Most health care organizations use a method called “full costing” to analyze their costs. The full cost of a unit delivered is the combination of the direct cost plus what is called “fair share.” Direct cost is related to the actual cost incurred by the cost object, and a “fair share” which is the additional overhead of the institution (administration, finance, and IT).

Fair share is determined by dividing the overhead cost of the whole system on all clinical departments using an arbitrary method like each departments’ clinical hours or square space. While this sounds easy to accomplish in theory, in practice it often becomes a contentious issue for health administrators. Even though several authors have demonstrated the shortcomings of this method to accurately depict the dynamics of the business of health care, it is still very popular among managers for variety of reasons. These reasons include that it enables the hospital to fulfill its reporting obligations to regulatory agencies, it makes it easy to prepare financial statements, and a cynical person will add that it allows administrators to do their job without needing the clinician inputs.

Alternative costing methods such as the differential costing method, which classifies cost into four categories: a) variable, b) fixed, c) semi-variable, and d) semi-fixed. Deciding to which categories each item belongs to requires both financial input and clinical input. Even so, it provides a more accurate picture of the underlying costs of operation a healthcare business, and it helps in integrating physicians in the decision-making process.

Physicians are typically responsible for the variable direct cost of a business, which represents 35 percent of the total cost.

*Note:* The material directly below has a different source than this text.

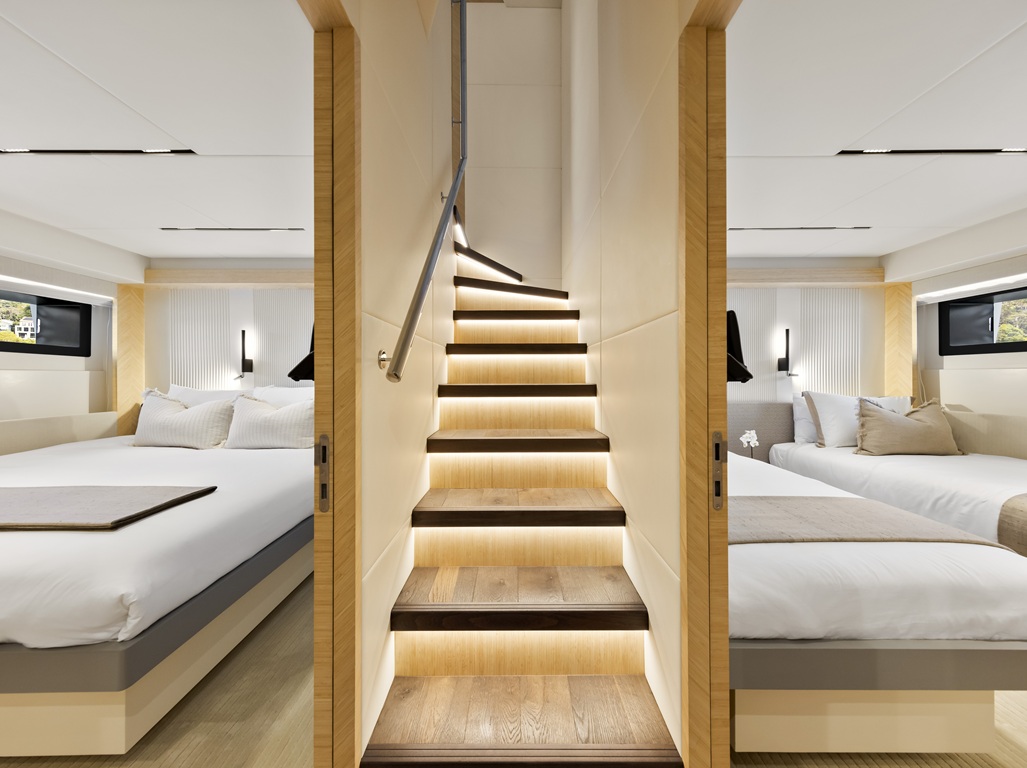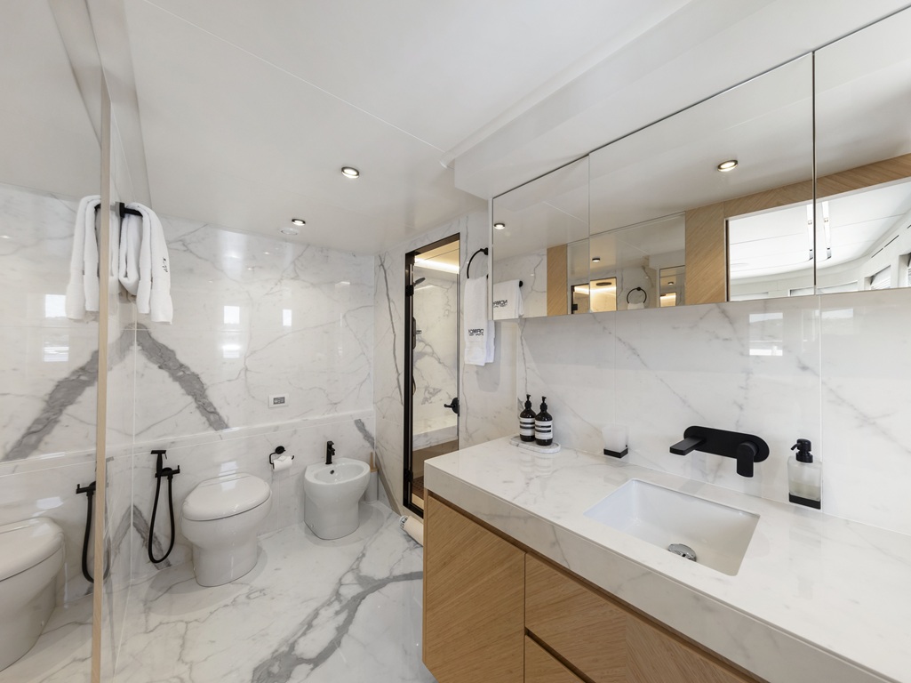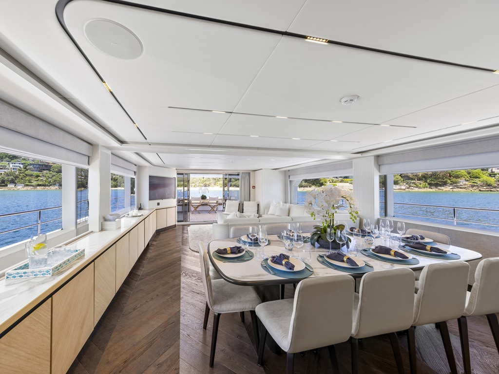 Im Inneren überzeugt die Yacht mit einer harmonischen Kombination aus Komfort und Eleganz. Die geschmackvoll eingerichteten Kabinen bieten einen ruhigen Rückzugsort zum Entspannen nach einem erlebnisreichen Tag. Der geräumige Main Salon ist mit modernen Entertainment-Systemen und luxuriösen Sitzgelegenheiten ausgestattet und schafft eine einladende Atmosphäre zum Relaxen und geselligen Beisammensein.

This contrasts with the fixed and direct cost (65 percent of total cost), over which physicians have little control. The current ways of cost containment through resource utilization and increased efficiency might have yielded positive results — if variable costs made up most total cost — which they do not. Hence, implementing efficiency measures and resource utilization will not likely yield major reductions in cost per patient, unless this could be accompanied by a reduction in fixed costs. This implies that physicians must become more aware of the different drivers of cost in their institutions, and push for more transparency and inclusion in the decision process.

In previous decades, medical practitioners were an effective professional class with a major voice in how services were organized and delivered. However, they have now been reduced to a guild that is good at protecting their own reimbursement, but without enjoying political clout to change the system that they and their patients complain so much about. A major factor in this decline is due to the loss of their control of the means of production. Physicians need to organize to regain influence on the way their jobs are organized and executed, and to get more involved in the financial decisions at their institutions.